For long training runs, you can checkpoint the optimization and resume if interrupted:
```rust
use umap_rs::{Metric, Optimizer};
// Phase 1: Learn the manifold structure from your data
// This builds the fuzzy topological graph. It's slow but deterministic -
// same inputs always give same manifold.
let manifold = umap.learn_manifold(data.view(), knn_indices.view(), knn_dists.view());
// Phase 2: Optimize the embedding via gradient descent
// Create an optimizer that will run 500 epochs of SGD
let metric = umap_rs::EuclideanMetric;
let mut opt = Optimizer::new(manifold, init, 500, &config, metric.metric_type());
// Train in chunks of 10 epochs at a time
while opt.remaining_epochs() > 0 {
opt.step_epochs(10, &metric); // Run 10 more epochs
// Periodically save a checkpoint (embedding + all optimization state)
if opt.current_epoch() % 50 == 0 {
std::fs::write(
format!("checkpoint_{}.bin", opt.current_epoch()),
bincode::serialize(&opt)?
)?;
}
}
// Training done - convert to final lightweight model
let fitted = opt.into_fitted(config);
```
If your process is interrupted, load the checkpoint and continue:
```rust
// Deserialize the optimizer state from disk
let mut opt: Optimizer = bincode::deserialize(&std::fs::read("checkpoint_250.bin")?)?;
// Continue from epoch 250 to 500
while opt.remaining_epochs() > 0 {
opt.step_epochs(10, &metric);
}
let fitted = opt.into_fitted(config);
```
The checkpoint contains everything: current embedding, epoch counters, and the manifold.
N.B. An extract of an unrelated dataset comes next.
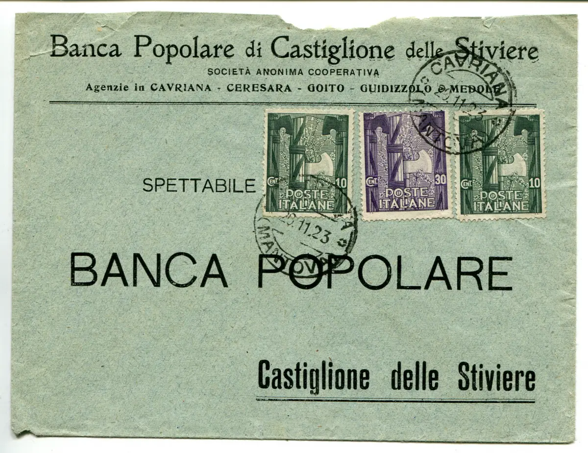 - Marsch auf Rom Cent. 10 Nr. 141 zwei Exemplare + Ergänzung Nr. 142 auf Umschlag von Cavriana nach Castiglione am 29.11.23 - Kat. euro 210 n. 81/A

When training completes, convert to a final model:
```rust
// Training done - drop the heavy optimization state
let fitted = opt.into_fitted(config);
// Access the embedding
let embedding = fitted.embedding(); // Zero-copy view
// Or take ownership
let embedding = fitted.into_embedding();
// Save the final model (much smaller than checkpoints)
std::fs::write("model.bin", bincode::serialize(&fitted)?)?;
```
The serialized `FittedUmap` contains just the manifold and embedding, not the optimization state, making it lightweight for long-term storage.
## Initialization
**You must provide your own initialization.** This library is designed to be minimal and focused on the core UMAP optimization - initialization is left to the caller.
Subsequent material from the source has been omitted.